[Material for this exercise]
--- START ---

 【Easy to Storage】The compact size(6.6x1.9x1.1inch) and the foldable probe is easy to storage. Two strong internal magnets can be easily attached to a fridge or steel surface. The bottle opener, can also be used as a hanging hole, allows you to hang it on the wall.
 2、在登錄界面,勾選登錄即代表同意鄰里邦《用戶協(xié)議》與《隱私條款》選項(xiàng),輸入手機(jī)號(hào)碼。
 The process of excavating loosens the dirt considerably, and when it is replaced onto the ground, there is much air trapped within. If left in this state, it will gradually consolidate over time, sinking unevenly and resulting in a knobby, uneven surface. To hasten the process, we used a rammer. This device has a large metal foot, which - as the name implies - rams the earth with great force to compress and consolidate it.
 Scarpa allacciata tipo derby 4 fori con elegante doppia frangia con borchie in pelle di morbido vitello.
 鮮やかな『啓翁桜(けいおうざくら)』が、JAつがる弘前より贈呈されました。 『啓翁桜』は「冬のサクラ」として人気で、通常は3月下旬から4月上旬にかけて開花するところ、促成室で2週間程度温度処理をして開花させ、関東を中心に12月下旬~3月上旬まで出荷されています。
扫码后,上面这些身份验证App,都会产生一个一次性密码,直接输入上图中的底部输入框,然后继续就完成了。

--- END ---
--- START ---

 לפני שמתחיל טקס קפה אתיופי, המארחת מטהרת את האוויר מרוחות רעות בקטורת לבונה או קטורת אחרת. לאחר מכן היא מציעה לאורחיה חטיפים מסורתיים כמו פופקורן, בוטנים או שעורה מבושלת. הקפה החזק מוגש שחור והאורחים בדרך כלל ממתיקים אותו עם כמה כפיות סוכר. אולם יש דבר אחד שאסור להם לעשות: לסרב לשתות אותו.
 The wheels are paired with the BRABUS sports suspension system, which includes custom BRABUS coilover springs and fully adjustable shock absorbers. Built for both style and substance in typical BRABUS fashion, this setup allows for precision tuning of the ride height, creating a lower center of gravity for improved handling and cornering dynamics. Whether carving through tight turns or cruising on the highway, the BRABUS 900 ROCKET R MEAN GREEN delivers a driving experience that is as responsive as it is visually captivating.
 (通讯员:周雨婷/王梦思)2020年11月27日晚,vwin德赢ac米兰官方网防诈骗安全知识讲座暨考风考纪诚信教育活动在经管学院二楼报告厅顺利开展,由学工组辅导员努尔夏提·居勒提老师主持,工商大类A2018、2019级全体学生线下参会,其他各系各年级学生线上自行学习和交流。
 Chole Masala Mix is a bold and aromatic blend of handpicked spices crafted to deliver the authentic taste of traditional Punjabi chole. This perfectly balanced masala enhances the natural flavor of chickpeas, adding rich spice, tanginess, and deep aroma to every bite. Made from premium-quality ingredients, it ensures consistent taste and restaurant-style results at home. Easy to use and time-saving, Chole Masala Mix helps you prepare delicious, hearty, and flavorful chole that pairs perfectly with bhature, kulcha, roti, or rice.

--- END ---
--- START ---

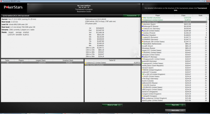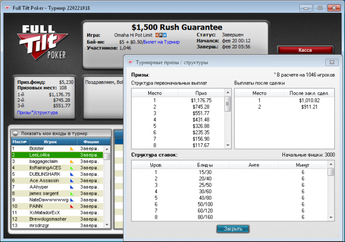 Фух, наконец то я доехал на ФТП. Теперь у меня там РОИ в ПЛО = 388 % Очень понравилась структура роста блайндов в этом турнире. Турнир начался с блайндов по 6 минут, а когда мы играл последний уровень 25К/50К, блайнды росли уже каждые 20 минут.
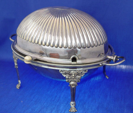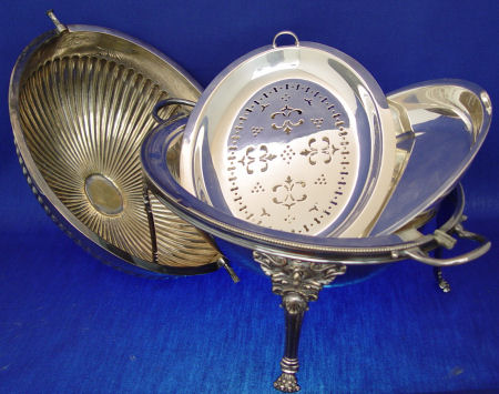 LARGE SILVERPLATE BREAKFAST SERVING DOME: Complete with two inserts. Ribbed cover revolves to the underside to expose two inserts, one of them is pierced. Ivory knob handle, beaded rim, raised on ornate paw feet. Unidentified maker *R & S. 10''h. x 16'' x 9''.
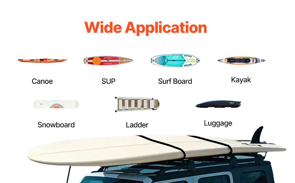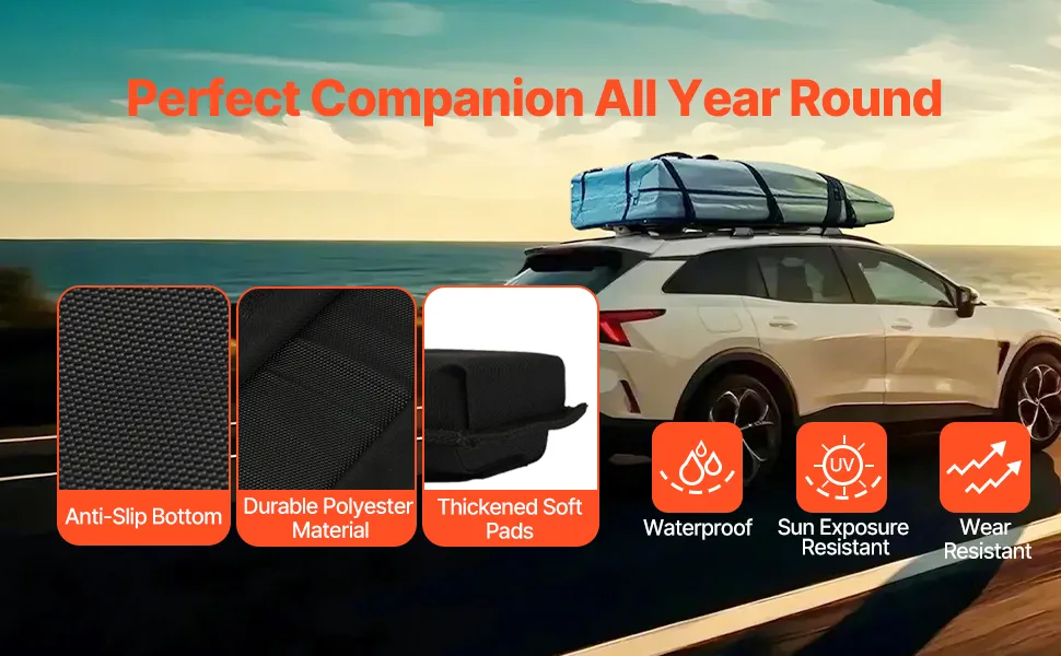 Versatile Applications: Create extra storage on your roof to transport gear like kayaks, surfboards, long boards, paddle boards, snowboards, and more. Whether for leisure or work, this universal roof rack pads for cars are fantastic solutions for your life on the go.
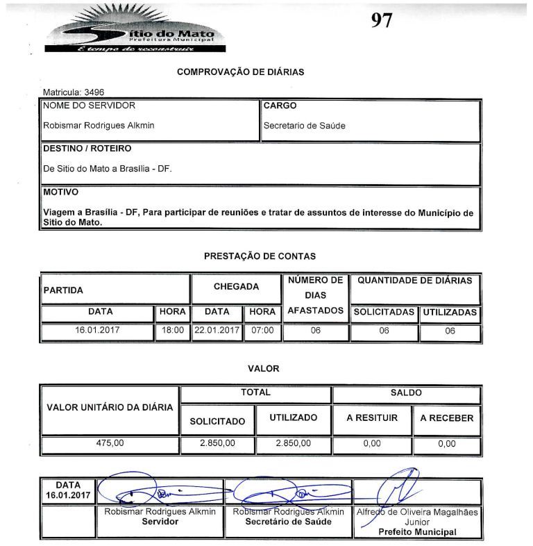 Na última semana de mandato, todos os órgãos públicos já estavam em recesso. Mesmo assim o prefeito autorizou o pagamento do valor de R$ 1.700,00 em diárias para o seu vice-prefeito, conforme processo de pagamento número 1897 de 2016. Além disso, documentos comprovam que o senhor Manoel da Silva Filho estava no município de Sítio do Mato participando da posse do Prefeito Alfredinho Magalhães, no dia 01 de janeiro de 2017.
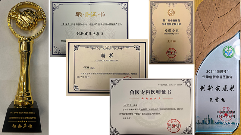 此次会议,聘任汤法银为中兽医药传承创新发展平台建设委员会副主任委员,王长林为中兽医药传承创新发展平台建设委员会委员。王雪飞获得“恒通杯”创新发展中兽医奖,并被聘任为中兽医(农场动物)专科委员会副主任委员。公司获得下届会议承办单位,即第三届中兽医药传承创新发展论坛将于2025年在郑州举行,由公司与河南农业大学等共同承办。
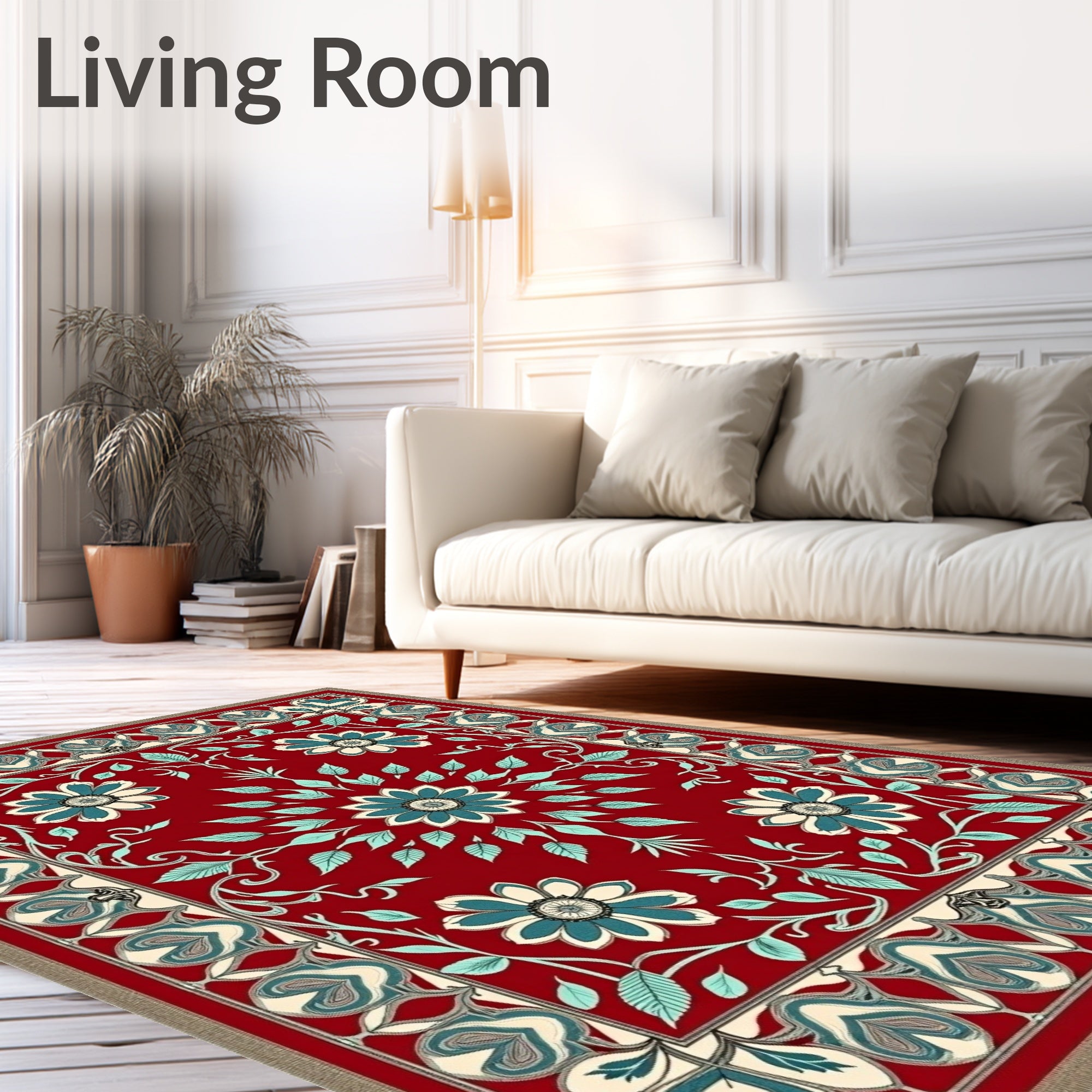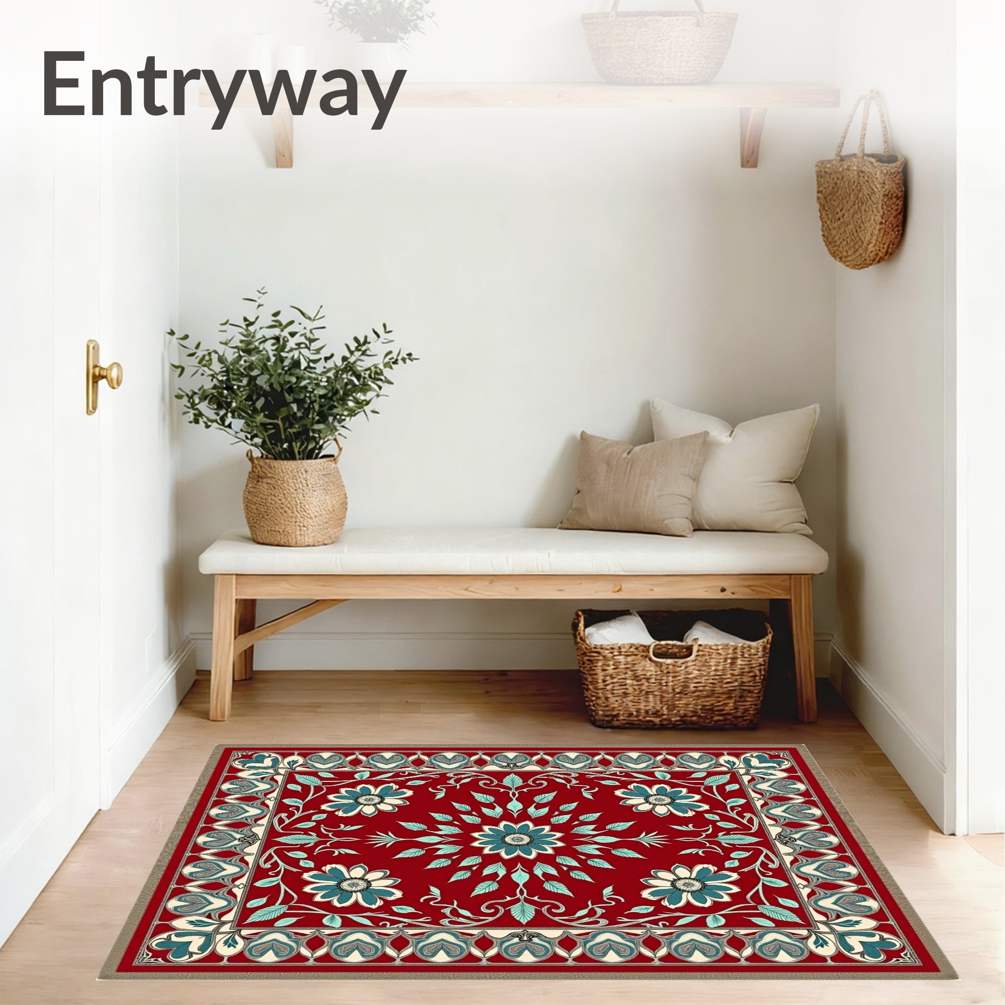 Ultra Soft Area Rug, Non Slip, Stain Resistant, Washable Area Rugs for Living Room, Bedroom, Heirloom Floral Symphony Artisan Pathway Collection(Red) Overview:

--- END ---

[Action item]
Copy nothing but the lines above that run from the one with "Na última semana" to the one with "Ultra Soft Area", ends included; pictures stay out.

[Exercise solution]
 Na última semana de mandato, todos os órgãos públicos já estavam em recesso. Mesmo assim o prefeito autorizou o pagamento do valor de R$ 1.700,00 em diárias para o seu vice-prefeito, conforme processo de pagamento número 1897 de 2016. Além disso, documentos comprovam que o senhor Manoel da Silva Filho estava no município de Sítio do Mato participando da posse do Prefeito Alfredinho Magalhães, no dia 01 de janeiro de 2017.
 此次会议,聘任汤法银为中兽医药传承创新发展平台建设委员会副主任委员,王长林为中兽医药传承创新发展平台建设委员会委员。王雪飞获得“恒通杯”创新发展中兽医奖,并被聘任为中兽医(农场动物)专科委员会副主任委员。公司获得下届会议承办单位,即第三届中兽医药传承创新发展论坛将于2025年在郑州举行,由公司与河南农业大学等共同承办。
 Ultra Soft Area Rug, Non Slip, Stain Resistant, Washable Area Rugs for Living Room, Bedroom, Heirloom Floral Symphony Artisan Pathway Collection(Red) Overview:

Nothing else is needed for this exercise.